身后,杨延昭眉头紧皱,但却不是因为这气味,而是心中有些想不明白,做出罐头,关键就是使得食物和空气隔绝。

为了这个头疼的问题,可是尝试了许多的办法,可是倒头来,却依旧不行,屋子中的温度大抵也就初夏那般,而罐头若是要生产出来,可得四季都能保存数月才行。

沉脸苦思着,一边,单虎带着人将身前一堆瓷瓶打开检查,无一不是木塞拔出后便是腥臭之味溢出,只叫他们脸色发白,更有甚者腹中竟开始翻涌作干呕之状。

正要全部拾掇出去,在炤台的角落边,却有个瓷瓶儿拉下了,单虎走上前,本想送到屋外一并处理了,可手却下意识的将木塞拔开了。

似乎没有刺鼻的臭味。

愣了一下,单虎不禁又放在鼻前嗅了嗅,稍后疾步往屋外走去,“大人,这一瓶是完好的!”

正在苦思冥想的杨延昭闻此言,忙接了过来,确实没有腥臭之味,大喜之下,立刻让人取来筷箸,夹出来看了看,鱼肉如十数天前一般新鲜。

在左右的惊呼声中,将一小块鱼肉放入口中,细细了品尝了片刻,杨延昭将瓷瓶和筷箸递给了单虎,“单大人,你也尝尝看。”

接了过来,虽然心中有些将信将疑,但单虎仍是尝了一口,顿时,再次惊呼,“大人,竟然味道完好如初,真是好生稀奇!”

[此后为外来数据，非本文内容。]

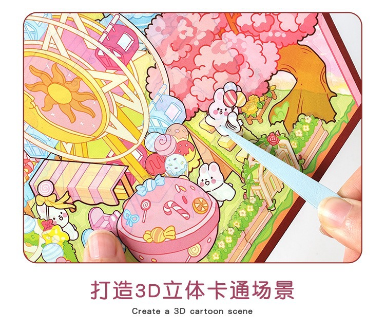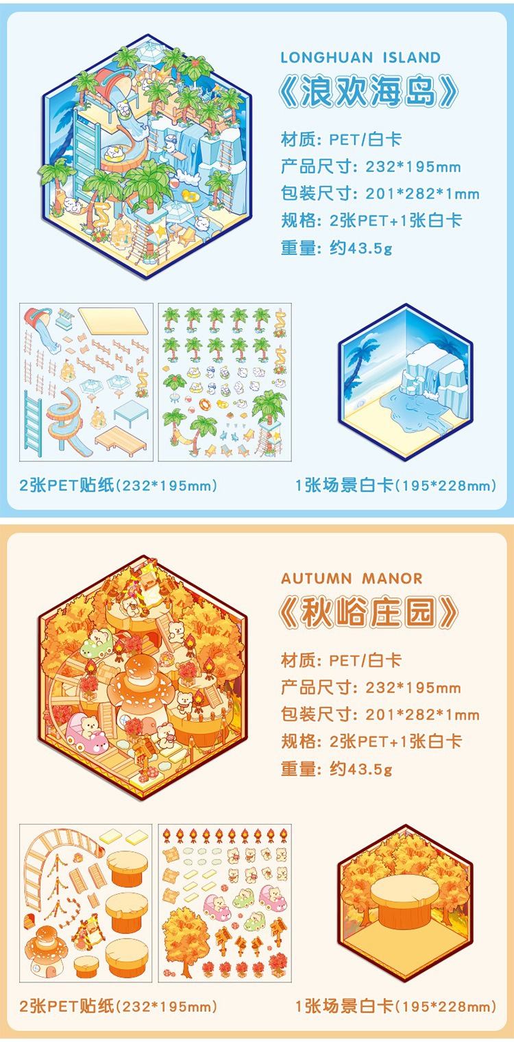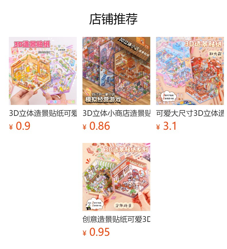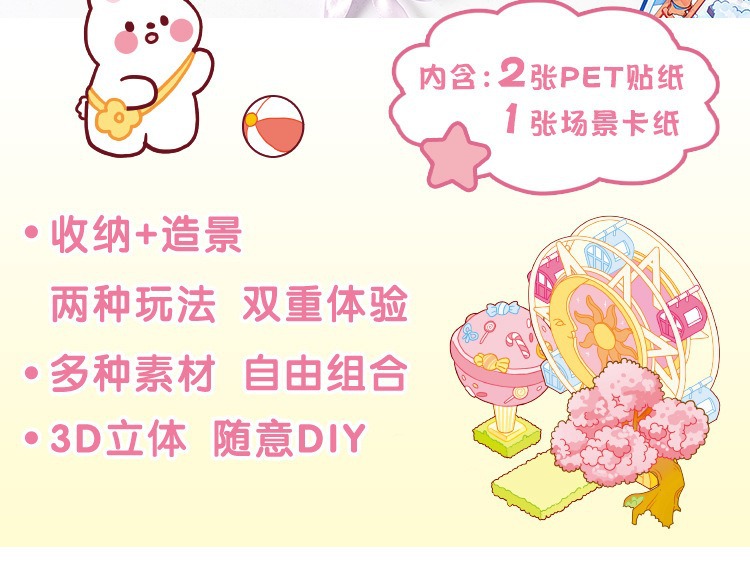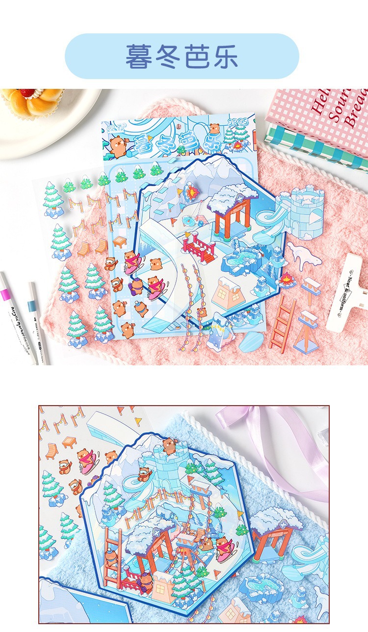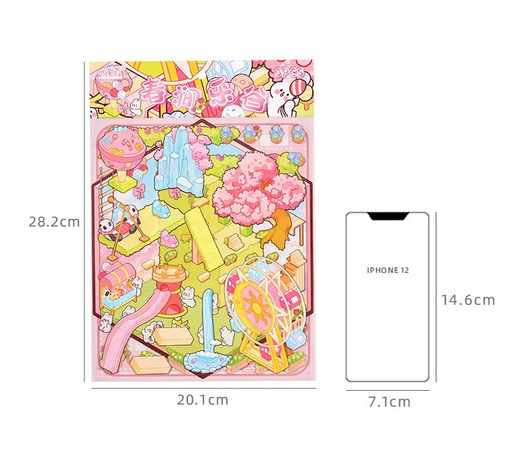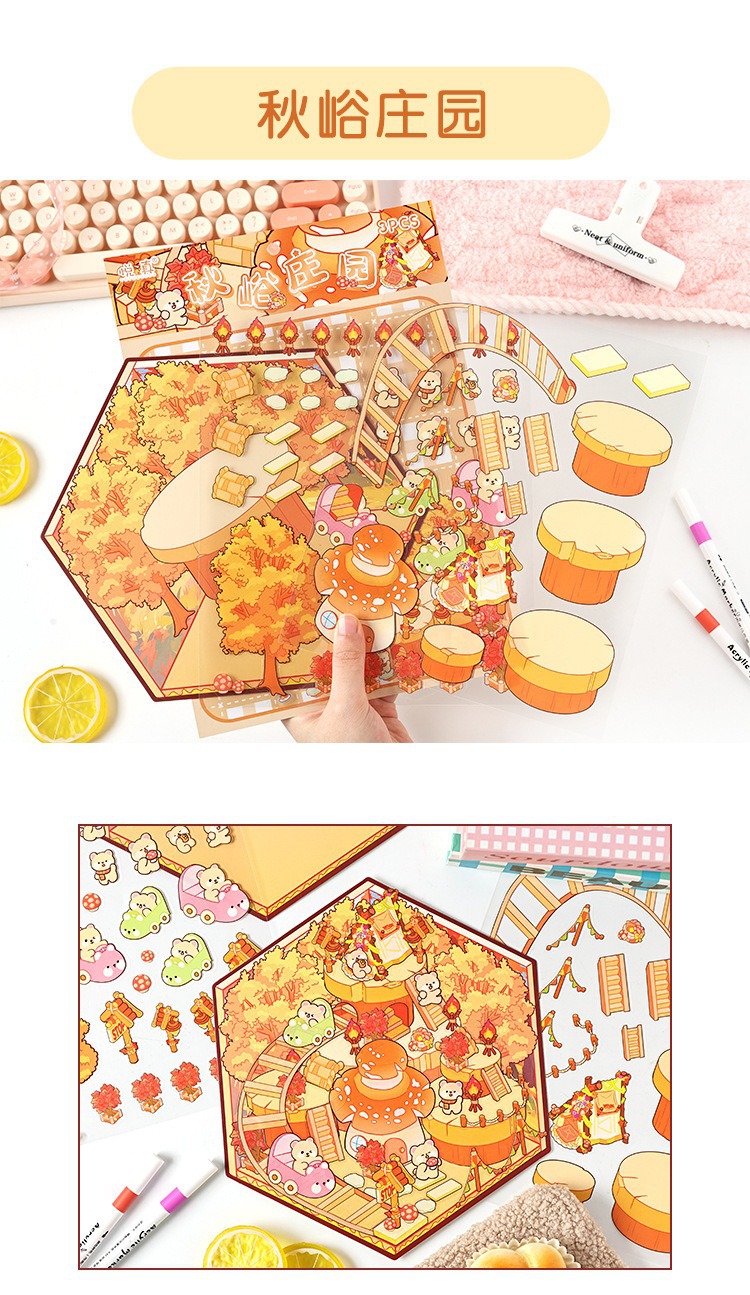 귀여운 봄 계곡 입체 조경 스티커 3D 시각 미니어처 장면 무컷팅 핸드북 스티커 해외 도매스토어 가기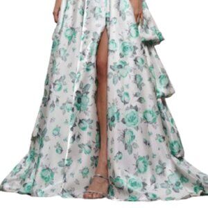 Product Details: Floral Printed, Strapless, Ruched, Pleated Bodice, High Slit, Tiered Skirt, Lace-Up Tie, Back Zipper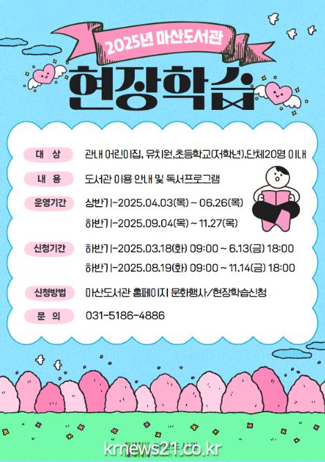 김포시 마산도서관(시장 김병수)은 2025년 어린이 현장학습을 4월 3일부터 관내 어린이집, 유치원, 초등학교(저학년)를 대상으로 운영한다.

他这一说道,四周之人也纷纷讨了过去尝了起来,不多时,皆是面露不可思议之色,虽然这些天都在跟着杨延昭捣腾未听说的罐头,但私底并没有很是看好此事。

毕竟,千百年来,何时听过煮出的吃食能存上个数月不坏的?

可是今日,亘古不变的道理再次失了效,半晌,众人心中的震惊才平息了下来,看着身前的杨延昭,越发的觉得这位朝廷派来的年轻大人很是神秘。

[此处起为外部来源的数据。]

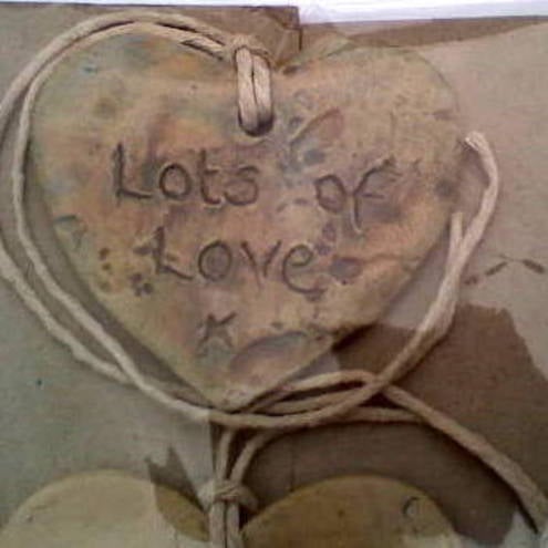 Each tag is an individual one-off, measuring 6cm x 3cm, handmade by cutting to shape, smoothing, impressing textures/engraving words, glazing and firing.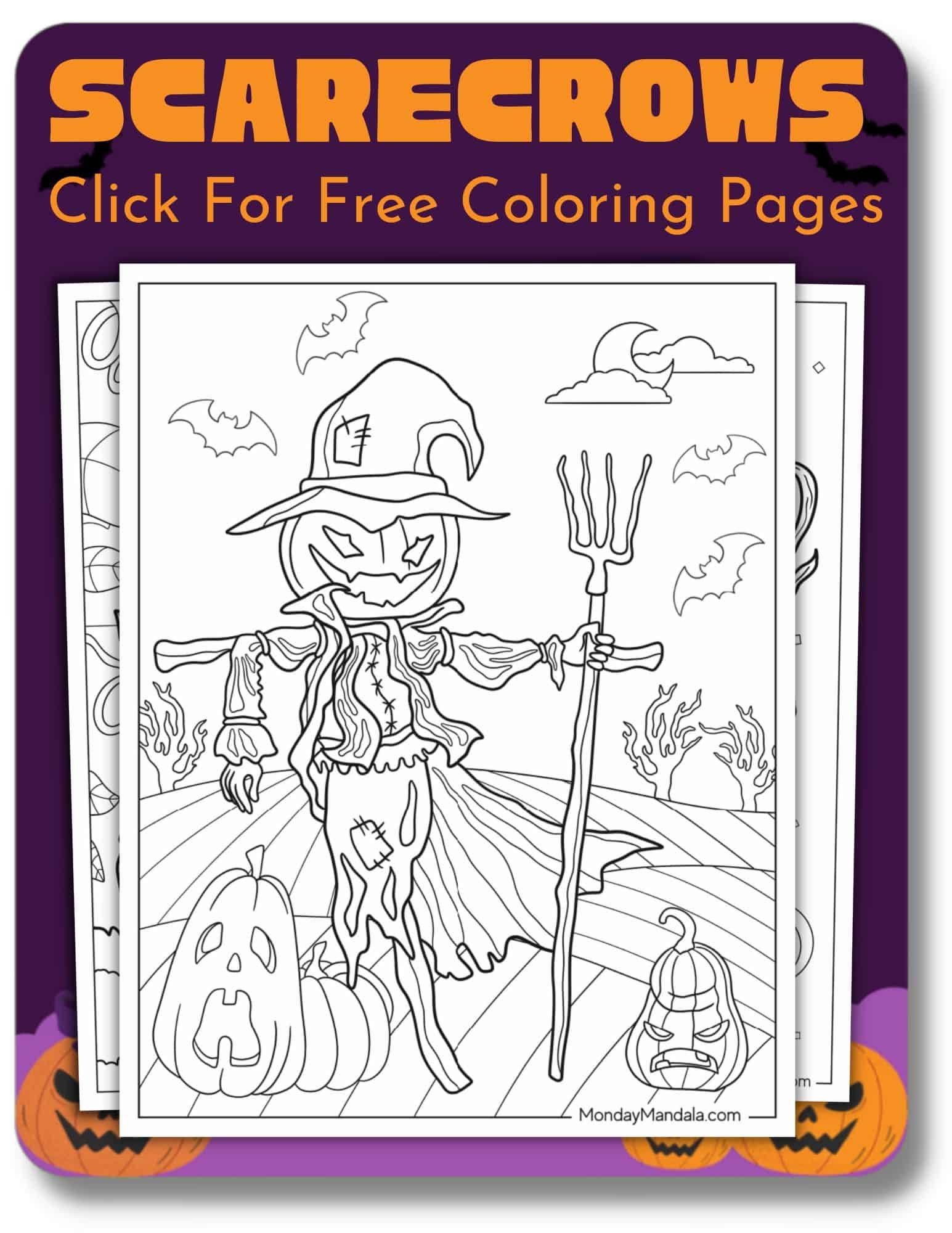 Scarecrow Halloween Coloring Pages (14 Pages)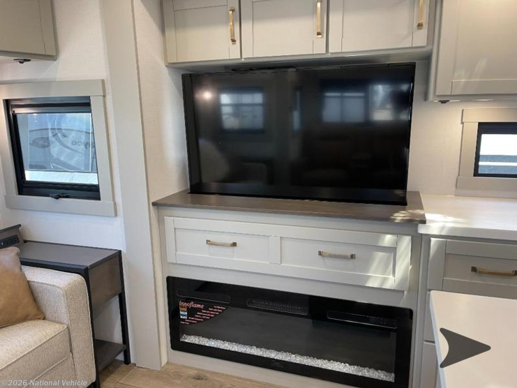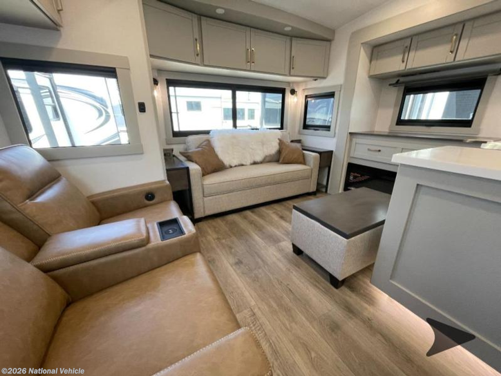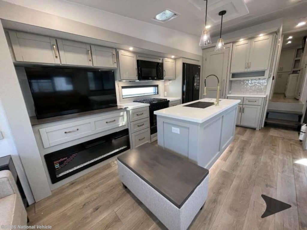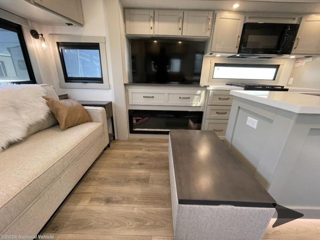Step inside to a spacious living and kitchen area enhanced by dual opposing slides, creating a wide, open-concept layout. Relax in comfort with 62? theater seating, a 72? tri-fold sofa, and a free-standing dinette with a built-in utensil drawer. The entertainment center features a 50? Smart telescoping TV paired with a sleek fireplace, perfect for cozy evenings.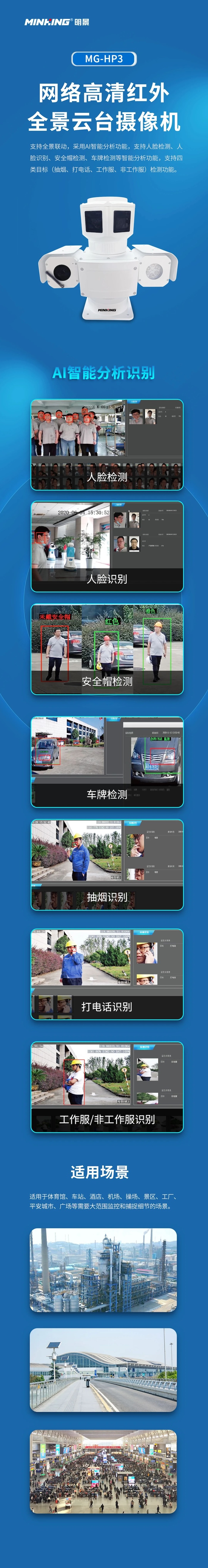 明景此次獲獎的360度全景4K智能高清5G車載系統(tǒng)(型號:MG-HP3),支持全景聯(lián)動,采用AI智能分析功能,支持人臉檢測、人臉識別、安全帽檢測、車牌檢測等智能分析功能,支持四類目標(抽煙、打電話、工作服、非工作服)檢測功能。該產(chǎn)品適用于體育館、車站、酒店、機場、操場、景區(qū)、工廠、平安城市、廣場等需要大范圍監(jiān)控和捕捉細節(jié)的場景。

当然,正拿着瓷瓶端详的杨延昭没有感觉到,此刻他很是想不明白,为何一起制作的罐头中,唯有这一个是没有变味,委实的想不通。

“单大人,这个瓷瓶你是从哪里找到的?”

理不清头绪,遂问向了还处在欢喜中的单虎,后者愣了下,如实的说了在炤台角落发现,但是何人所为,却也是不清楚。

眼看着到手的眉目化成了虚无,杨延昭自是极为的沮丧,就在这时,远处候着的调来制作罐头的老汉儿弱弱向前探了探身子。

见他这般,杨延昭忙让人将他唤道了身前,那老者起初有些胆怯,但是听着单虎的话后,这才壮着胆子,说了好一通来。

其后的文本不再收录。